* _DATA BELOW_:
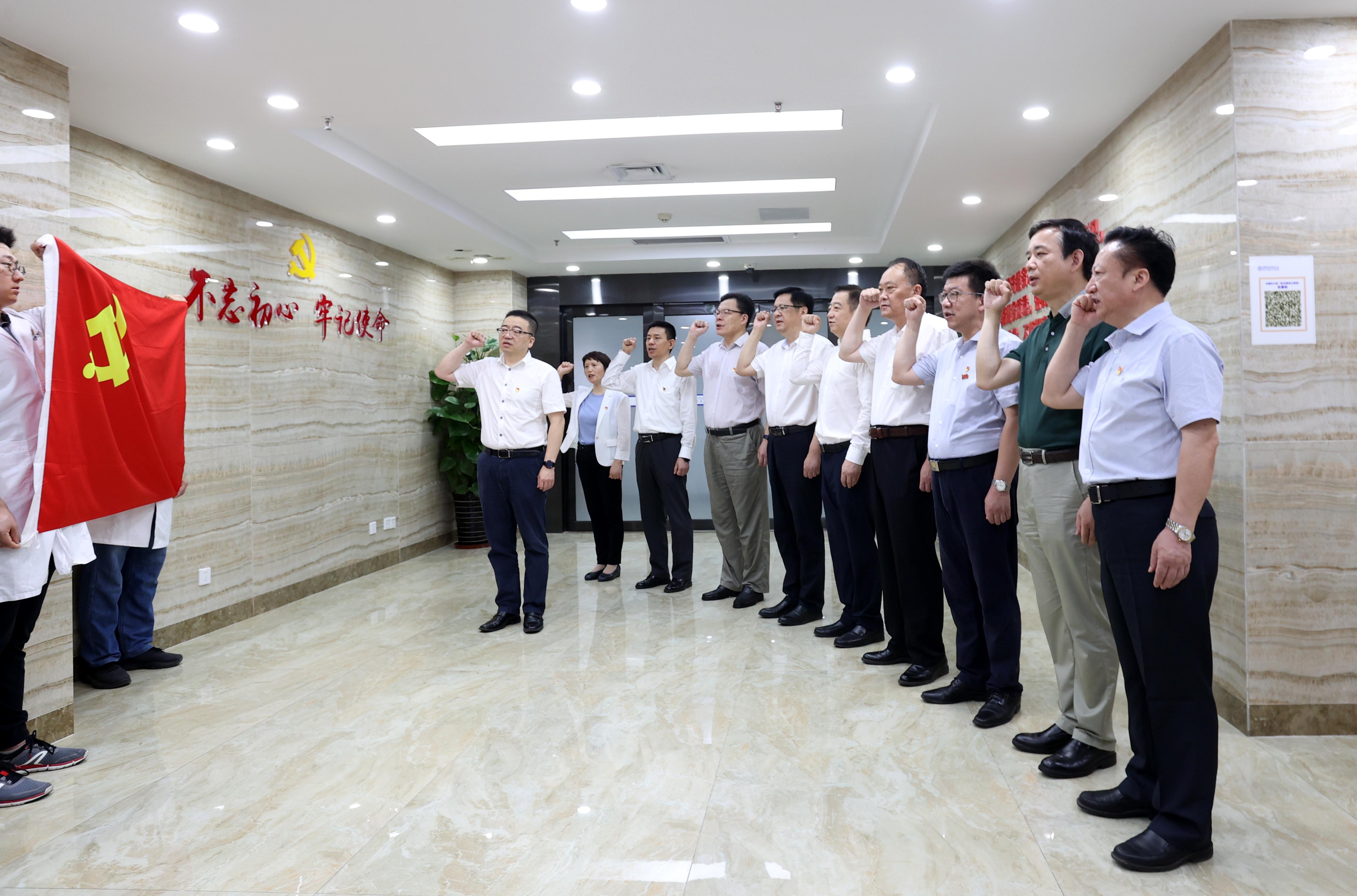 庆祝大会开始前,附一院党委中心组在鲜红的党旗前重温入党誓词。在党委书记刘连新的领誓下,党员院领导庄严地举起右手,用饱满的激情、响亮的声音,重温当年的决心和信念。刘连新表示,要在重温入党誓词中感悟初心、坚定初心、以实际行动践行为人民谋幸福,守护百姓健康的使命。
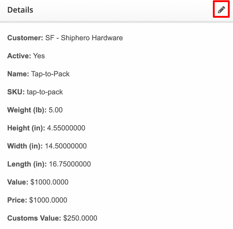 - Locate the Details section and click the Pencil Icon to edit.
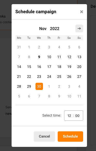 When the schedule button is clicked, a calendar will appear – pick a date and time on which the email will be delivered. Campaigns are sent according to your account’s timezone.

* _TASK PROMPT_: Could you restate the material word for word, omitting the pictures?

* _RESULT_:
 庆祝大会开始前,附一院党委中心组在鲜红的党旗前重温入党誓词。在党委书记刘连新的领誓下,党员院领导庄严地举起右手,用饱满的激情、响亮的声音,重温当年的决心和信念。刘连新表示,要在重温入党誓词中感悟初心、坚定初心、以实际行动践行为人民谋幸福,守护百姓健康的使命。
 - Locate the Details section and click the Pencil Icon to edit.
 When the schedule button is clicked, a calendar will appear – pick a date and time on which the email will be delivered. Campaigns are sent according to your account’s timezone.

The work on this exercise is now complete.